Optical coherence tomography (OCT) has been used to measure micro-displacements of a biological specimen. This displacement measurement has been used to characterize tissue biomechanical properties [1] and monitor the dynamic change of retinal tissue during laser coagulation [2,3].

Several methods have been proposed to calculate this displacement measurement. Speckle tracking is a commonly used technique that measures displacements by finding maximum cross-correlation coefficients [1]. Phase-sensitive measurement is another approach that provides nano-scale displacements by analyzing the phase of OCT signals [2,4,5]. Recently, the value of correlation coefficients has also been used to measure the micro-displacements of tissues [3,6].

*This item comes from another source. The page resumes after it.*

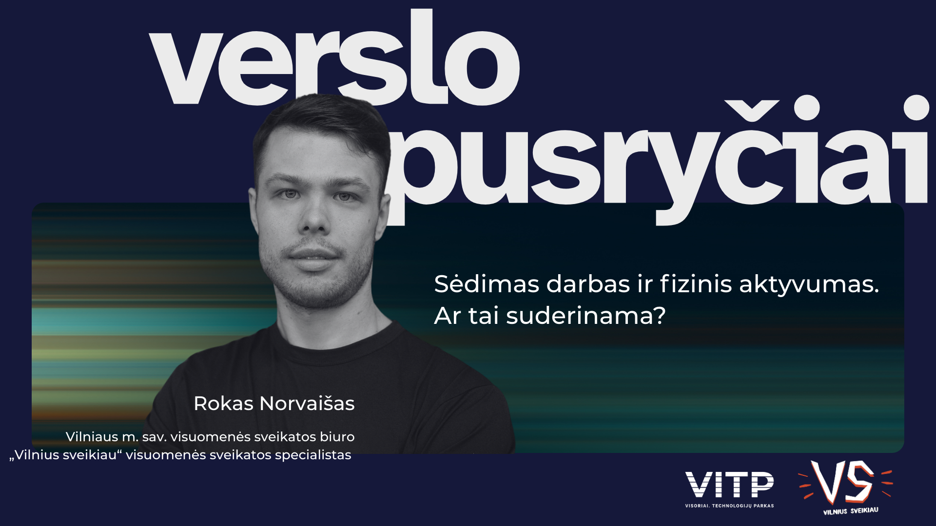 Kviečiame į VITP verslo pusryčius „Sėdimas darbas ir fizinis aktyvumas. Ar tai suderinama?“ su Vilniaus m. savivaldybės visuomenės sveikatos biuro „Vilnius sveikiau“ visuomenės sveikatos specialistu Roku Norvaišu.
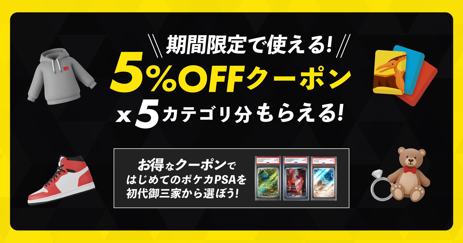 期間中のみ使用できる、「ポケカPSA」「アパレル」「スニーカー」「アクセサリー・バッグ・財布・時計」「フィギュア・ぬいぐるみ」の5カテゴリーを対象とし、お買い物で使えるお得な限定クーポンをプレゼントします。

Among these methods, Kurokawa et al. proposed a method to measure lateral and axial displacements by simultaneously using Doppler phase shifts and spatially localized correlation coefficients. The method successfully generated dynamic micro-displacement maps of retinal tissue during laser coagulation [3]. However, the method does not provide the direction of the lateral displacement. In addition, the approach is based on the assumption that the sample displaces only within the imaging plane of an OCT B-scan. Technically, this method cannot distinguish between an out-of-plane displacement and an in-plane displacement.

In this Letter, we propose a new method to obtain spatially resolved in-plane bidirectional displacement and out-of-plane displacement between two OCT B-scan images using localized correlation coefficients.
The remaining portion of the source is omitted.